Raid on final salary pensions ‘is only way to plug the black hole’

10 April 2012

Experts today defended the Government's move to slash private-sector final salary pensions which will see millions of people lose up to 25 per cent of their retirement income.

Pensions minister Steve Webb has called for the schemes to rise each year in line with inflation as measured by the consumer prices index (CPI), rather than the retail prices index (RPI).

The move is likely to cost workers hundreds of pounds a year over the course of their retirement, as CPI is generally lower than RPI.

But experts warned the schemes would have had to be scrapped entirely had ministers not stepped in.

Bob Bullivant, chief executive of retirement advisers Annuity Direct, said: "If you take a scheme members' view then of course they are not going to be very happy.
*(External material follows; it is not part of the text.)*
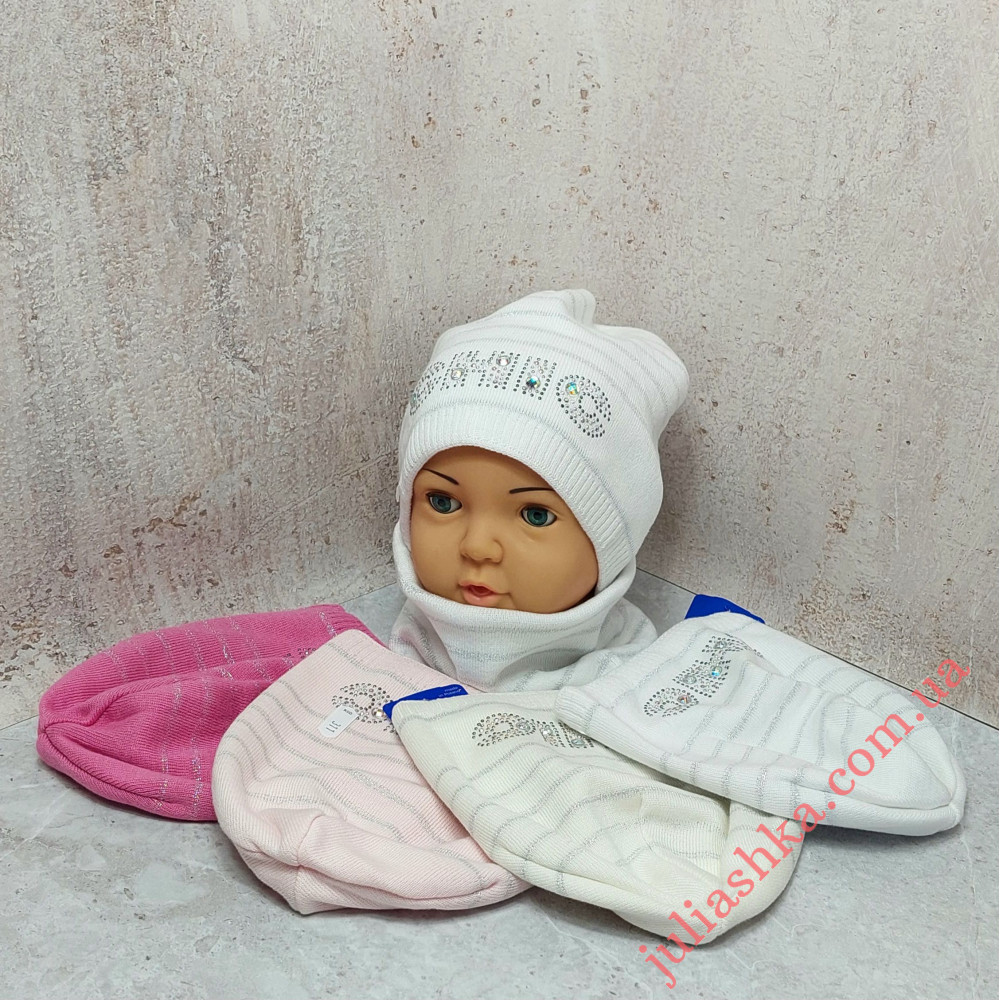 в’язаний комплект-шапочка на трикотажному підкладі та одинарний снуд

But if you take a global view then it will make things better because it will help the deficits in final salary schemes. They will be more likely to be able to fulfil their liabilities and less likely to fail and fall on the Pension Protection Fund."
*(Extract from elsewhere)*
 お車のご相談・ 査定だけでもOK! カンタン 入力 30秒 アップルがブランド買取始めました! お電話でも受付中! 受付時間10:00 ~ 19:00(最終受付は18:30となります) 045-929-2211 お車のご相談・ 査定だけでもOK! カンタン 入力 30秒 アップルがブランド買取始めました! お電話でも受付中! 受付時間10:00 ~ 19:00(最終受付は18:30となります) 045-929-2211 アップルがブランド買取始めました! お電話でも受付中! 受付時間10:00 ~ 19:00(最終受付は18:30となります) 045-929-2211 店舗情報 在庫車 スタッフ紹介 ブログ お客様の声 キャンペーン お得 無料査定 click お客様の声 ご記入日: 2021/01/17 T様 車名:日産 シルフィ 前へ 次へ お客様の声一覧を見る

Accountants KPMG said the change could reduce UK private sector pension liabilities by 10 per cent, or about £100billion. It is expected to be introduced next year, bringing the inflation measure used for private sector pensions in line with public sector ones.

But shadow work and pensions secretary Yvette Cooper said: "Many pensioners will feel betrayed by the Government. During the election both parties promised to help pensioners. Now, out of the blue, they're cutting the value of private pensions that people have worked hard for and depend on."

The move will come as a relief to private sector employers such as British Airways, which face vast shortfalls. Britain's biggest 200 private company pensions schemes are estimated to have a total deficit of about £100billion.